### ACTIVITY
Below are records with pictures; copy word for word only the lines between the line with "Bên cạnh người" and the line with "Đình, TP Hà Nội.", inclusive, and drop the pictures.

───── DATA TO EXAMINE

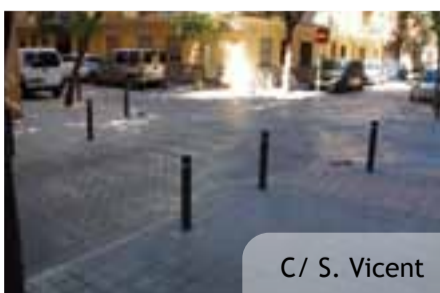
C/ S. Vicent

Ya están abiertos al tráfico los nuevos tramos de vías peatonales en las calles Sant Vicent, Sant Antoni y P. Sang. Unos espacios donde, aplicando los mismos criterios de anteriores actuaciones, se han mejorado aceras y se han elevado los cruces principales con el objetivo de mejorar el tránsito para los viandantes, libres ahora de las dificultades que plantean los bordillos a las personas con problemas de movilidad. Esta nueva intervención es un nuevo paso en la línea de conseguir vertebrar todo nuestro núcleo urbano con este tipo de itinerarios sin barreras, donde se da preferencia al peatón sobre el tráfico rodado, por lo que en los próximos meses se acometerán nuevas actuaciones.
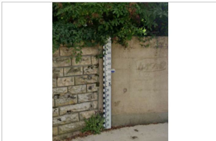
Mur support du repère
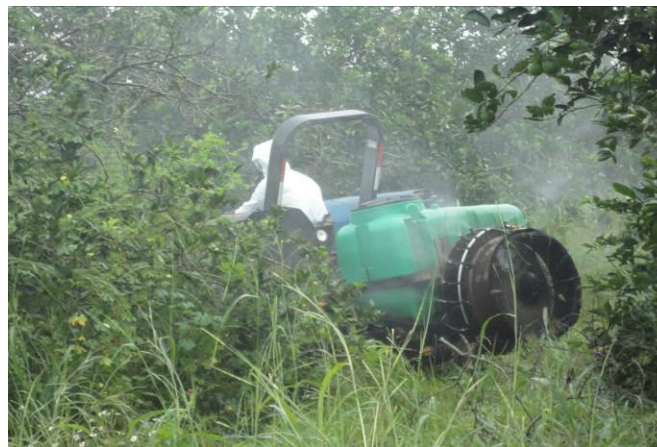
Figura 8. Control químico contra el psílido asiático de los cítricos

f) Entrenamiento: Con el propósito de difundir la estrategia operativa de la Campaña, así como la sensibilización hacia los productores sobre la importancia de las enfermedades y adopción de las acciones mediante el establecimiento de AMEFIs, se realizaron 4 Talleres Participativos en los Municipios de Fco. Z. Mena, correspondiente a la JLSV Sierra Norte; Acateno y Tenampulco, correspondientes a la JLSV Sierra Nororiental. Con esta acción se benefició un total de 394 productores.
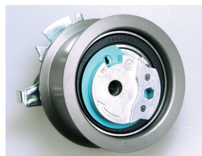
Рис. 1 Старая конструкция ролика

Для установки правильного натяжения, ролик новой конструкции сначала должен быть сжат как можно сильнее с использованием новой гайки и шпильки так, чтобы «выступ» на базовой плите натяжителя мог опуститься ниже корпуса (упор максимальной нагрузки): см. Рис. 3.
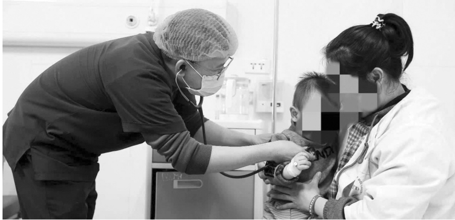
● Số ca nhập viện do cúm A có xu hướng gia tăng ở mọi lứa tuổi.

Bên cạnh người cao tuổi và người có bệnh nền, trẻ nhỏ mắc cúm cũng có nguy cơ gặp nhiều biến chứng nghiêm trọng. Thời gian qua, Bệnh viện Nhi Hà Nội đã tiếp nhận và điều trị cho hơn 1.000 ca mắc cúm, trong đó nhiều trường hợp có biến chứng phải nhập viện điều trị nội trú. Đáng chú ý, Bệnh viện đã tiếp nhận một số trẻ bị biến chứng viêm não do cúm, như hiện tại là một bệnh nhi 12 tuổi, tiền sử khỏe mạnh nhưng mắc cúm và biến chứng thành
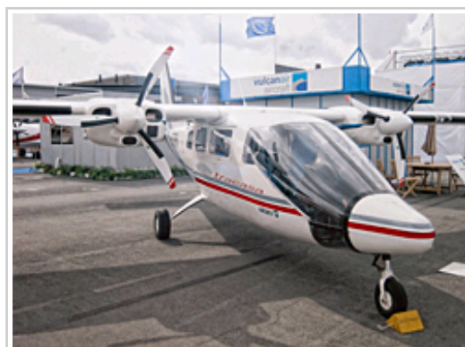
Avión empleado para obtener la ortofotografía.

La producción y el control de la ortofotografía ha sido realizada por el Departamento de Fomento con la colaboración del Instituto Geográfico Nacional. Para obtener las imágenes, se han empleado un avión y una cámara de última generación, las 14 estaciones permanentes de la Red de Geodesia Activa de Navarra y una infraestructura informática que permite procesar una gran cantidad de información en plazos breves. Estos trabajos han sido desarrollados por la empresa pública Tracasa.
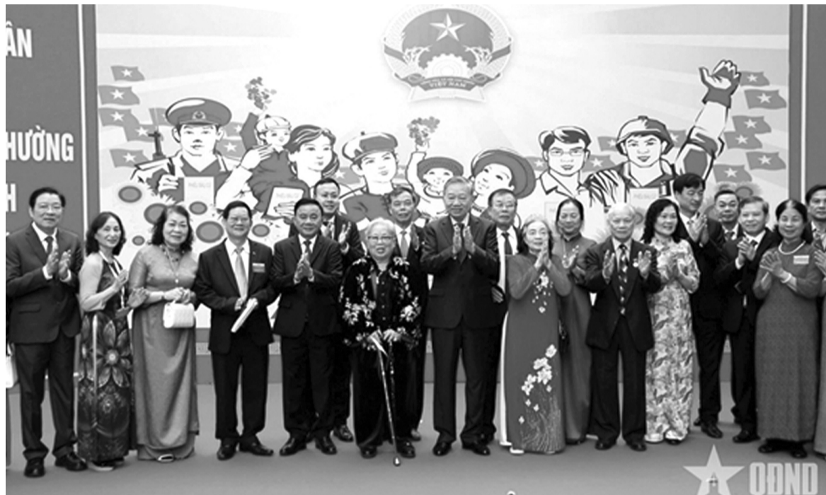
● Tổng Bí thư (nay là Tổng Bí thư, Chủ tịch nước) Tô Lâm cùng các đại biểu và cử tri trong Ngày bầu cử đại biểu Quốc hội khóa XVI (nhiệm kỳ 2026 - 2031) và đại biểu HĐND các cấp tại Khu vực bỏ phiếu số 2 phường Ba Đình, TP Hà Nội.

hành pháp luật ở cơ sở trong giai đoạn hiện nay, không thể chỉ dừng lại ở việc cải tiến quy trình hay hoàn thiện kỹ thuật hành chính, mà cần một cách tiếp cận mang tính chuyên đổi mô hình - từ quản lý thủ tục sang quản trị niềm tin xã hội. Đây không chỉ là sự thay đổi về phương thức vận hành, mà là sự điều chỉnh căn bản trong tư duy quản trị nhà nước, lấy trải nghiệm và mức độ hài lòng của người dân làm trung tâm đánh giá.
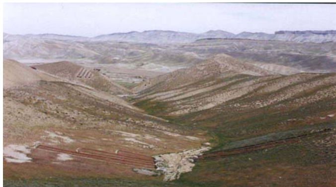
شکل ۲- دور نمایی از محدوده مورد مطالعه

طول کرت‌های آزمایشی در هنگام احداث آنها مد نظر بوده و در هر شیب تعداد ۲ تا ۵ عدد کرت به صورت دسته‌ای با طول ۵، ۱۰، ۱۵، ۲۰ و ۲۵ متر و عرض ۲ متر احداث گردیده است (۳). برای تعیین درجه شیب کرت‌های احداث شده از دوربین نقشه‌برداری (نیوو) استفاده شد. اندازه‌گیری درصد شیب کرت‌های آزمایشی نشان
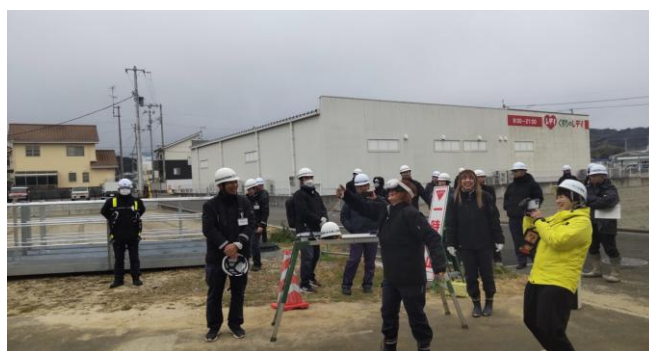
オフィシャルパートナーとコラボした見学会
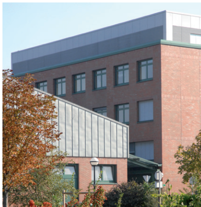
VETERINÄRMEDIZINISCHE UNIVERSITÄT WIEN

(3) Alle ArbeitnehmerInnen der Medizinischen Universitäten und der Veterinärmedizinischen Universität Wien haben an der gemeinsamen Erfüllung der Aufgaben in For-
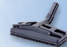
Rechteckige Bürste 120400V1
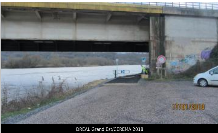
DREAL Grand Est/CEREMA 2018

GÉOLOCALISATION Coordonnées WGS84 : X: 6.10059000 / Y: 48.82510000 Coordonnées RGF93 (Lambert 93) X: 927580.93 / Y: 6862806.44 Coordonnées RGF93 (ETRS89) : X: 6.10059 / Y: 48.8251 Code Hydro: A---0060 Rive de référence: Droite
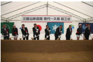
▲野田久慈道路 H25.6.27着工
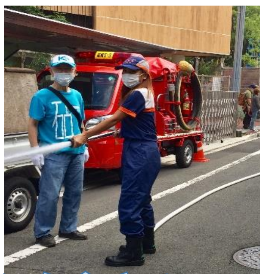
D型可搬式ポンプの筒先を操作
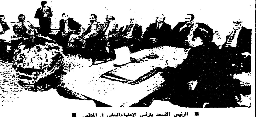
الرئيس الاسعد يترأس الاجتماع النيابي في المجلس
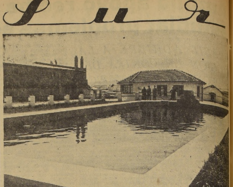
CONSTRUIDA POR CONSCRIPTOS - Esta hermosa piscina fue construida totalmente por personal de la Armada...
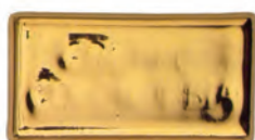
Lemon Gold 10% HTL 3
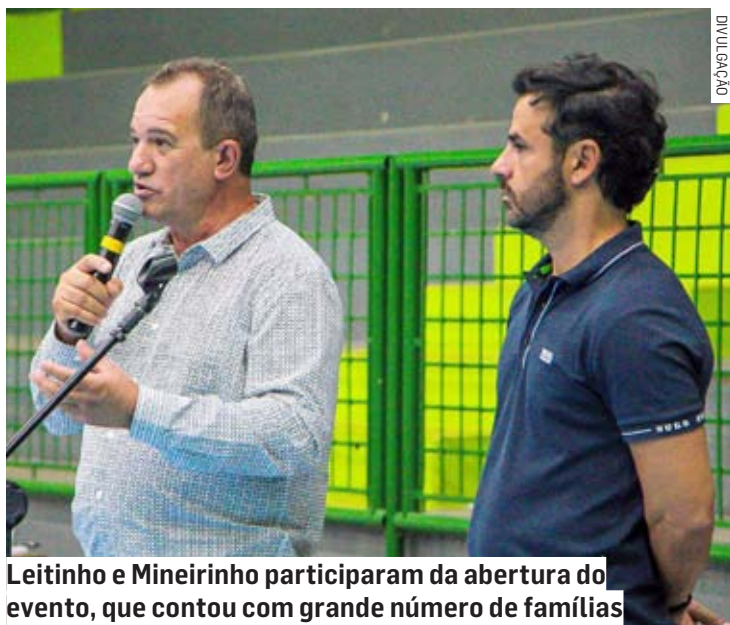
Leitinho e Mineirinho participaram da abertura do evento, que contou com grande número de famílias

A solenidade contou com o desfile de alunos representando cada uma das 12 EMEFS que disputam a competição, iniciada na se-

──────────

### RESPONSE BELOW
Bên cạnh người cao tuổi và người có bệnh nền, trẻ nhỏ mắc cúm cũng có nguy cơ gặp nhiều biến chứng nghiêm trọng. Thời gian qua, Bệnh viện Nhi Hà Nội đã tiếp nhận và điều trị cho hơn 1.000 ca mắc cúm, trong đó nhiều trường hợp có biến chứng phải nhập viện điều trị nội trú. Đáng chú ý, Bệnh viện đã tiếp nhận một số trẻ bị biến chứng viêm não do cúm, như hiện tại là một bệnh nhi 12 tuổi, tiền sử khỏe mạnh nhưng mắc cúm và biến chứng thành
Avión empleado para obtener la ortofotografía.

La producción y el control de la ortofotografía ha sido realizada por el Departamento de Fomento con la colaboración del Instituto Geográfico Nacional. Para obtener las imágenes, se han empleado un avión y una cámara de última generación, las 14 estaciones permanentes de la Red de Geodesia Activa de Navarra y una infraestructura informática que permite procesar una gran cantidad de información en plazos breves. Estos trabajos han sido desarrollados por la empresa pública Tracasa.
● Tổng Bí thư (nay là Tổng Bí thư, Chủ tịch nước) Tô Lâm cùng các đại biểu và cử tri trong Ngày bầu cử đại biểu Quốc hội khóa XVI (nhiệm kỳ 2026 - 2031) và đại biểu HĐND các cấp tại Khu vực bỏ phiếu số 2 phường Ba Đình, TP Hà Nội.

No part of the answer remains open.